(Beginning of LISTED ENTRIES)

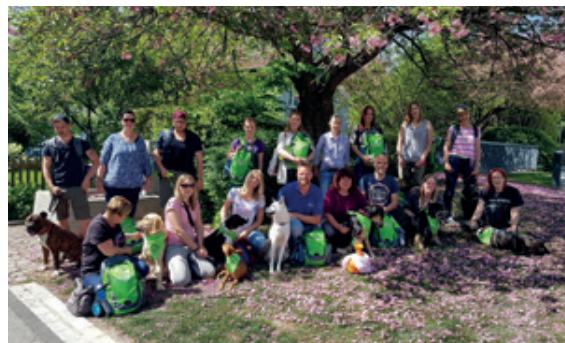
Teilnehmer bei der Rucksackübergabe am 28. April im GügeliSternen, Küsnacht.
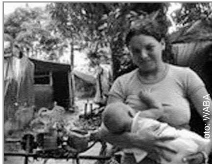
Deze vrouw verblijft in een nooddtentenkamp (fotowedstrijd WABA 2009)

Eerst en vooral: besef dat je een taak hebt, denk na over wat je kan doen, bereid jezelf voor en doe iets. Waar ter wereld je je ook bevindt, je kunt een rol spelen. Onwetendheid en onverschilligheid kunnen veel impact hebben... Laat ons hopen dat een verhaal zoals dit niet zich niet meer voordoet:
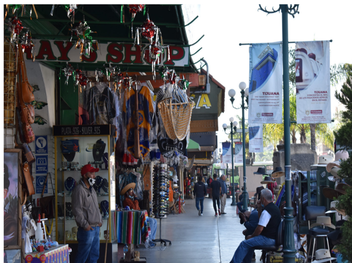
Imagen 20. Foto de recorrido y observación de campo. Avenida Revolución a la altura de calle Segunda.
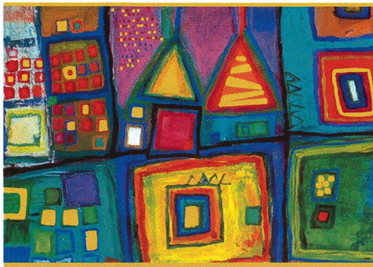
Foyeux Noël · Frohe Weihnachten · Buon Natale

Unseren Leserinnen und Lesern wünschen wir von Herzen eine friedliche Weihnachtszeit und einen guten Jahresbeginn.
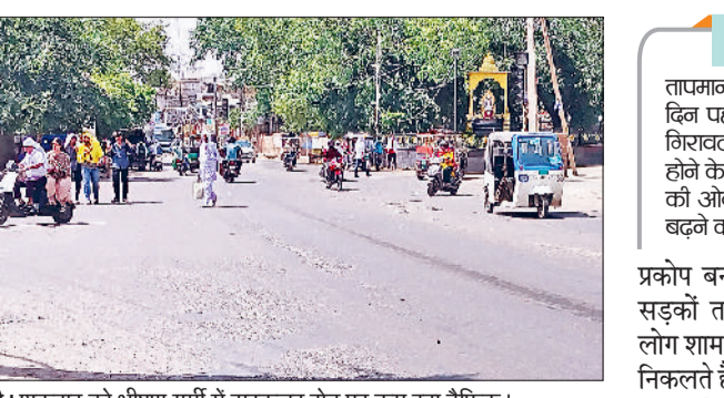
रेवाड़ी। शुक्रवार को भीषण गर्मी में सरकुलर रोड पर कम रहें ट्रैफिक।

को सुबह से ही आसमान साफ बना रहा। लगभग 10 बजे के बाद से गर्म हवाएं चलनी शुरू हो गईं। अधिकतम तापमान 1.5 डिग्री की कमी के साथ 43.0 डिग्री सेल्सियस पर आ गया। बीते मंगलवार से दो दिन तक यह 45.5 डिग्री सेल्सियस रहा था। न्यूनतम तापमान भी 2.2 डिग्री सेल्सियस की कमी के साथ 26.8 डिग्री सेल्सियस दर्ज किया गया। रात का तापमान तीन दिन से सामान्य से अधिक बना हुआ था। हवा में नमी का स्तर 19 प्रतिशत तक रहा, जबकि दिन में हवाओं की
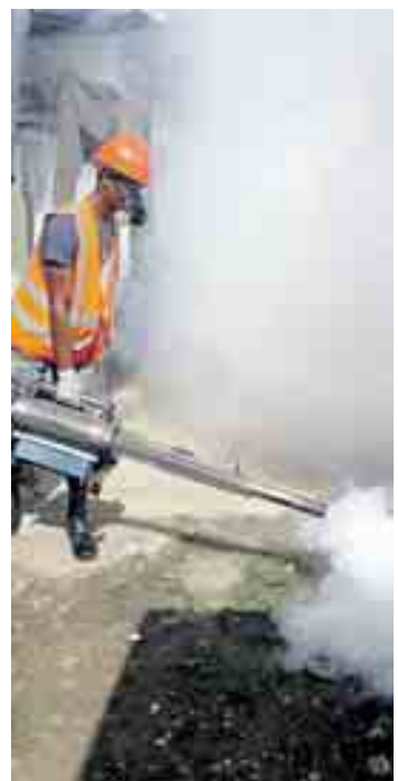
Bonifica in Sud America

cali, utilizzando per la prima volta il fondo per le emergenze istituito dopo l'epidemia di Ebola, consisterà nella distribuzione di materiale protettivo e counseling alle donne in gravidanza, a una stretta sorveglianza nei paesi colpiti anche per verificare l'effettivo legame tra virus e microcefalia, e a un impulso alla ricerca per trovare un test rapido e, in un secondo momento, un vacci-
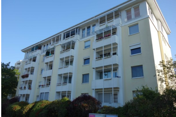
Ansicht des Bewertungsobjekts
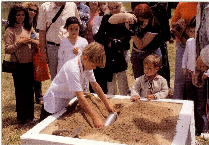
A pedra fundamental do ginásio.

construção está previsto para o começo de 2006. Durante as comemorações para o Dia Nacional da Suíça em agosto, o Colégio Suíço-Brasileiro de Curitiba, junto com representantes da Suíça, pais, alunos, professores e funcionários celebrarão a inauguração do Ginásio com uma grande festa.
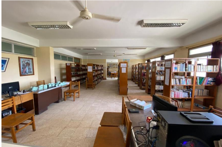
مكتبة كلية الألسن

- يصل المكتبة دعم مادي كل عام يتم توزيعه على البرامج لشراء احتياجاتها من الكتب أو القواميس أو المراجع ويقوم العاملون بالمكتبة بعمل الإجراءات الإدارية الخاصة بفحص الكتب وتسجيلها بدفاتر المكتبة. جدير بالذكر أن بعض العاملين بإدارة المكتبة قد حضر بعض ورش العمل الخاصة بالمكتبات وخصوصاً "تنمية مهارات العاملين بالمكتبات الجامعية" وذلك من أجل الارتقاء بنوعية الخدمات التي تقدمها مكتبة الكلية لروادها. وقد تم فحص المكتبة باستخدام نموذج التقييم الكمي الصادر من الهيئة القومية لضمان الجودة والاعتماد.
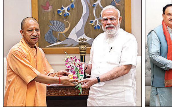
शनिवार को नई दिल्ली में प्रधानमंत्री नरेंद्र मोदी, भाजपा अध्यक्ष जेपी नड्डा और गृह मंत्री अमित शाह से अलग–अलग शिफ्टाचार भेंट करते मुख्यमंत्री योगी आदित्यनाथ।
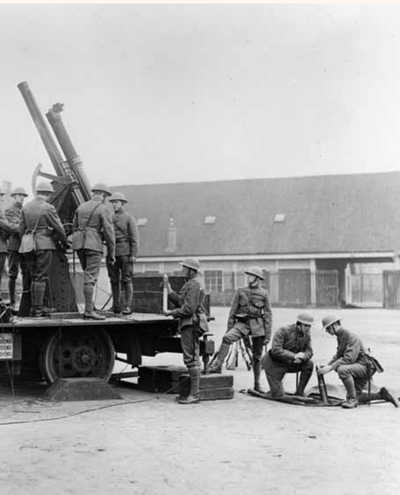
8-mm geschut tegen luchtdoelen, circa 1930

vijandelijke leger moeten uitputten met voortdurende aanvallen. De luchtmacht zullen de vijand direct in zijn hart raken.
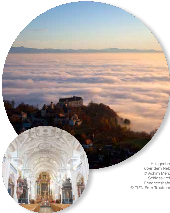
Heiligenberg über dem Nebel © Achim Mende Schlosskirche Friedrichshafen, © TIFN Foto Trautmann
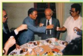
貴州省 省長 王朝文氏等と 昭和60年7月(1985)
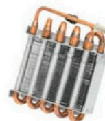
20300093 Condensador 50w Serraff s/ventilador
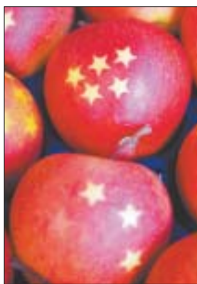
Blick in den attraktiven Hofladen mit knackigen Weihnachtsäpfeln & Co.
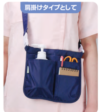
肩掛けタイプとして
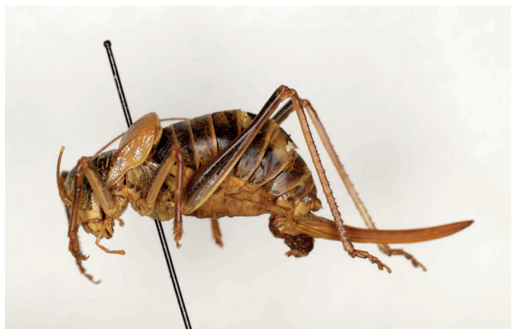
Fig. 12. Ephippiger stalii Bolívar, 1877 sintype ♀, L = 39 (MZB 74-5102).
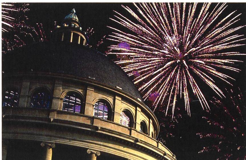
2005 ist für die ETH-Angehörigen wie für die Schweizer Bevölkerung ein besonderes Jahr: Zum 150-Jahr-Jubiläum wird sich die Hochschule mit vielen Aktivitäten als Teil der Gesellschaft darstellen.
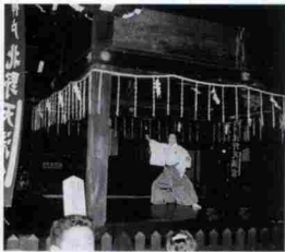
前田鯉朋さんによる「古城」
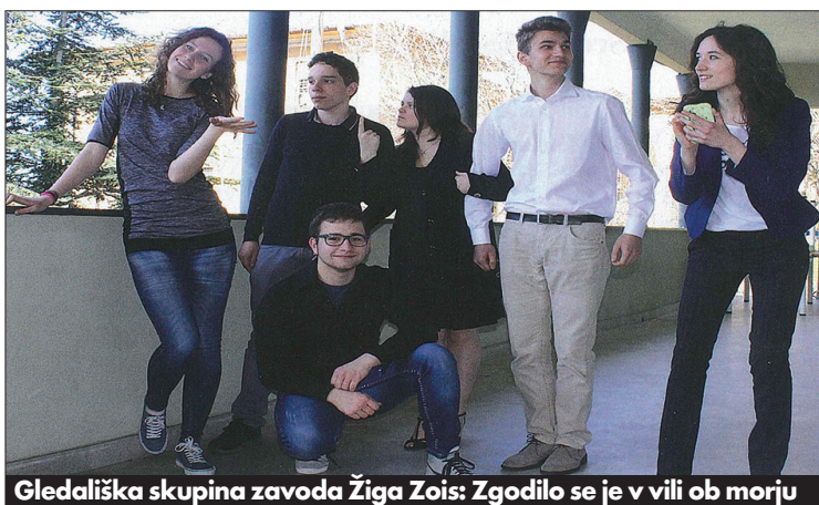
Gledališka skupina zavoda Žiga Zojs: Zgodilo se je v vili ob morju

stavraciji, kjer so se na večerji srečale štiri prijateljice iz otroških let, ki se že dolgo niso videle. Življenjska pot jih je zanesla v različne kraje. Ena izmed njih se je bolj odtujila, saj živi v Londonu
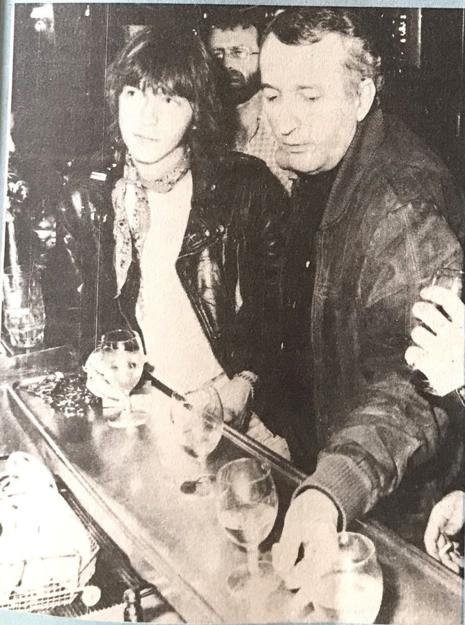
Renaud tel qu'en lui-même

(End of LISTED ENTRIES)

Repeat the lines exactly as they stand, from the opening line of the data through the line with "Deze vrouw verblijft". Pictures stay out of the copy.

* RESULT FOR THIS EXERCISE
Teilnehmer bei der Rucksackübergabe am 28. April im GügeliSternen, Küsnacht.
Deze vrouw verblijft in een nooddtentenkamp (fotowedstrijd WABA 2009)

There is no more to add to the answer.